We present a new temporal memory algorithm with online learning for decision-making in changing, partially observable environments.
摘要
评审与讨论
This paper proposes a new bio-inspired algorithm, Distributed Hebbian Temporal Memory (DHTM), for online learning to make decisions under uncertainty. This algorithm resembles a model of episodic memory, or a dynamic trajectory buffer, which remembers and replays sequences of actions which were rewarding in the past. It is implemented by compartmentalized neurons, with dendrites that recognize particular previous states and encourage recall of associated actions, and learning is realized by a Hebbian-like rule on these dendrites. The method is evaluated on two navigation tasks (GridWorld and AnimalAI) and compared against a few baselines -- LSTM, CSCG, and a simplified episodic controller which it resembles in performance.
优点
- Exploring how bio-inspired neural networks can implement and perform inference on statistical models is an interesting opportunity for interplay between AI and neuroscience.

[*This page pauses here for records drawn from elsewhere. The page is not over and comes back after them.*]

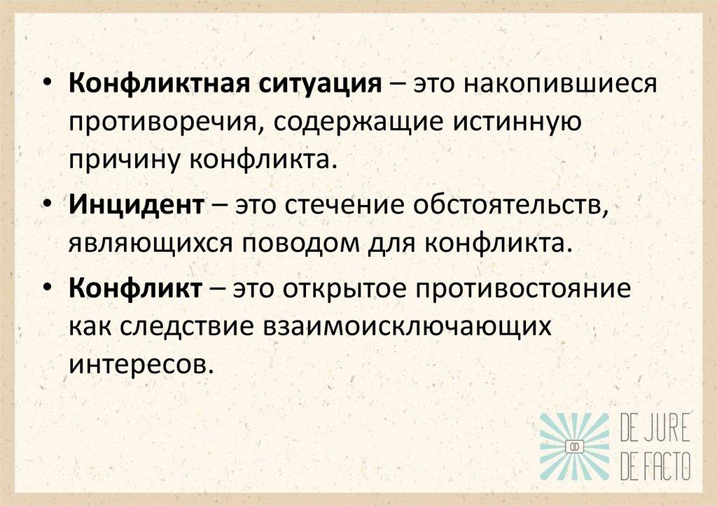Конфликтная ситуация + Инцидент = КонфликтРазрешить конфликт – это значит: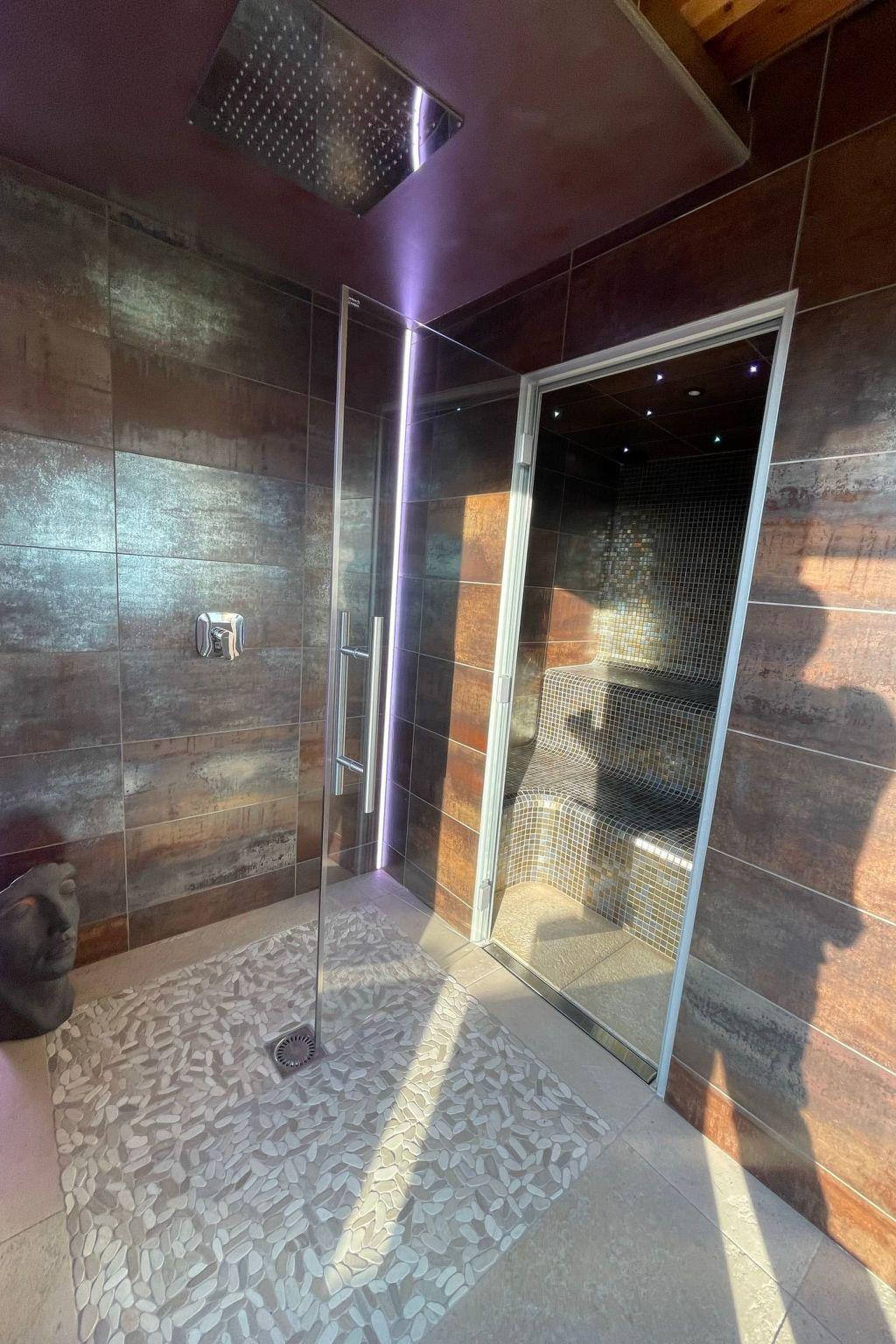 In the kitchen- Crockery and cutlery- Coffee, Tea, Infusion & Mineral water- Kettle- Toaster- Citrus press- Multi-function food processor- Kettle- Oven- Microwave- Cooker- Freezer- Fridge- Dishwasher- Washing machine- Dryer- Coffee machine with coffee beans and grinder- Air conditioning- Terrace Selection of teas and infusions - Advance bag of coffee beans In the study- Central unit with screen and keyboard- Wifi safe In the bedroom - 180 cm King Size bed with bed linen provided - Sound bar and Bluetooth speaker - Television - air conditioning - Terrace In the bathroom - Bath - Italian shower - two basins - Towel dryer - Bathrobes - Towels - Slippers - Hairdryer In the wet area - Private Spa - Private Hammam - Private Sauna - Seasonally heated swimming pool with two sun loungers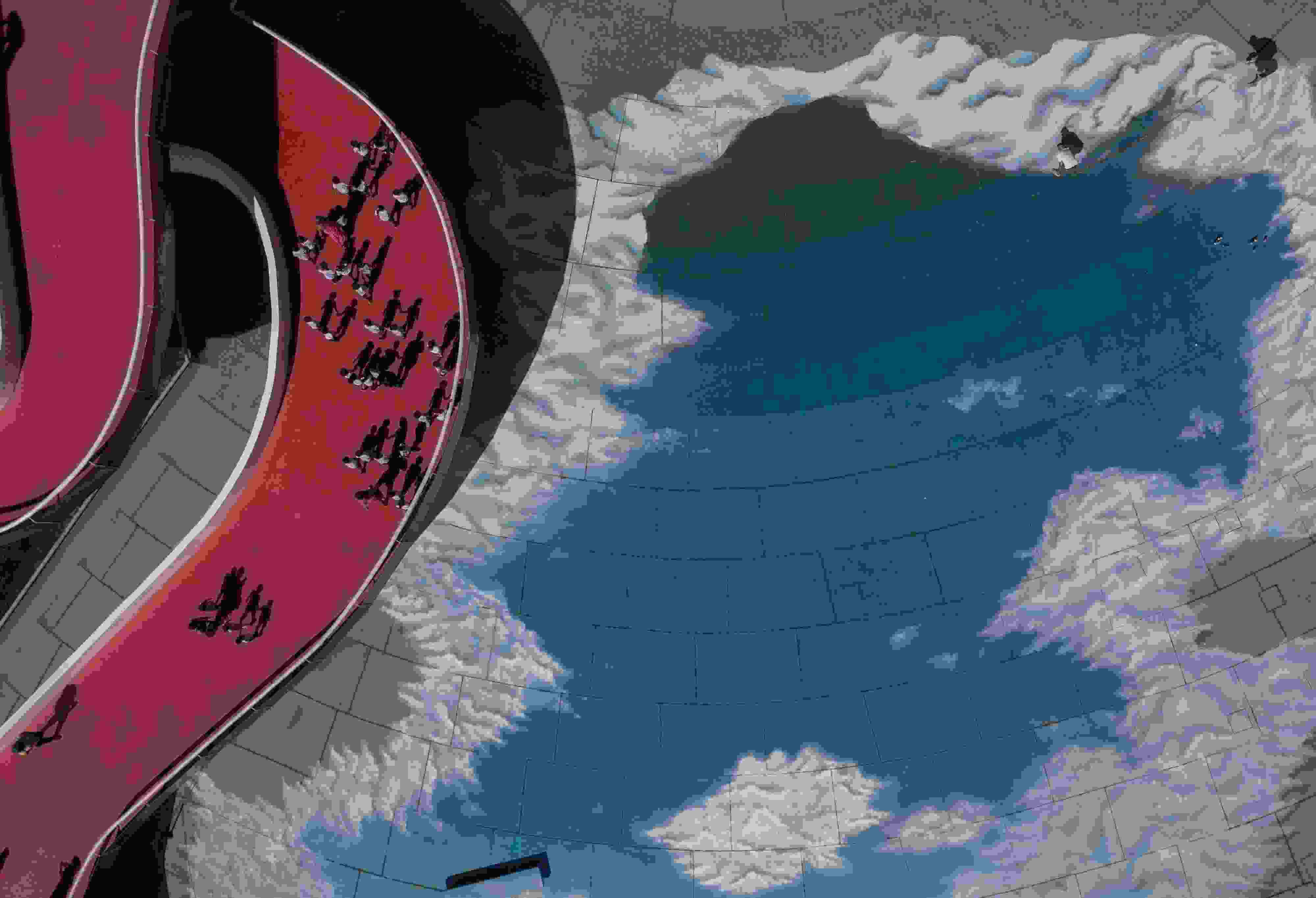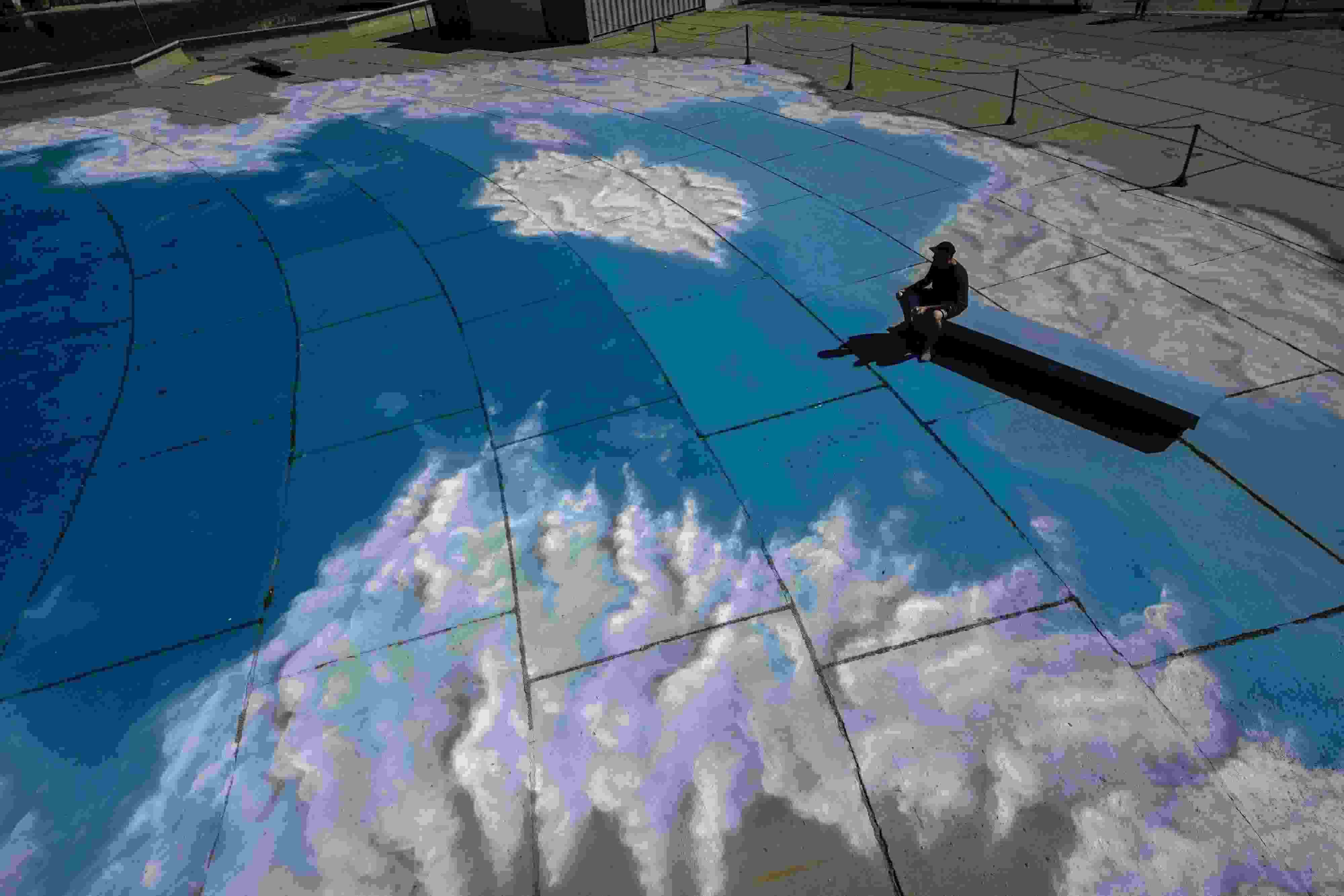 當(dāng)?shù)貢r(shí)間2023年6月6日,巴西里約熱內(nèi)盧,藝術(shù)家在地面上繪制“藍(lán)天白云”。 視覺中國

- The experimental evaluation of the method is reasonable and with some more detail would support its effectiveness.
- The discussion of limitations of the method in the conclusion is thoughtful and thorough.
缺点
- The method is somewhat misrepresented in the introduction. What exactly it's meant to accomplish is not clear, and it's compared alongside very general learning methods which are meant to generalize effectively. After reading the entire paper, its focus seems to be on learning simple, non-generalizable strategies quickly.
- The description of the model is difficult to follow. A huge amount of notation is introduced, and much of it is not defined precisely and has to be inferred from context. This is most problematic in section 3.2, where the bio-inspired implementation is described. Ideally the neuron model would be laid out, and then the variables of the neuron model would be associated with variables from DHTM.
- Key details of the experiments, particularly how the baseline models were tuned, are missing and make it difficult to evaluate them.
- The paper presents a simple episodic control-based model which is highly competitive with the much more complicated DHTM which it focuses on. It is unclear what the advantages of DHTM are compared to this simple model.
- There is no substantial discussion of related work.
问题
- To my knowledge the term "temporal memory" is not in common use and should be briefly defined when it is used in the abstract.
- The distinction between requiring "complete data sequences to be available during training" (lines 53-54) and "access to only one sequence data point at a time" (lines 61-62) is not clear to me.
- "Factor graph formalism" should be defined in the introduction.
- "local Hebbian-like learning rules ... make the learning process much faster than gradient methods" (lines 70-71) should be revised to clarify in which sense "faster" is meant.
- Eq. (3) is unclear because of the summation over . I believe this is meant to express summation over all possible values of the "previous time step RV indexes [sic] included in the factor" which should be clarified.
- What is meant by " is proportional to several coincidences in the recent past" (line )?
- Isn't the VAE encoder in section 4.2 significantly more expressive than the k-means encoder? Doesn't this give DHTM-vae an advantage as the only model with this representation?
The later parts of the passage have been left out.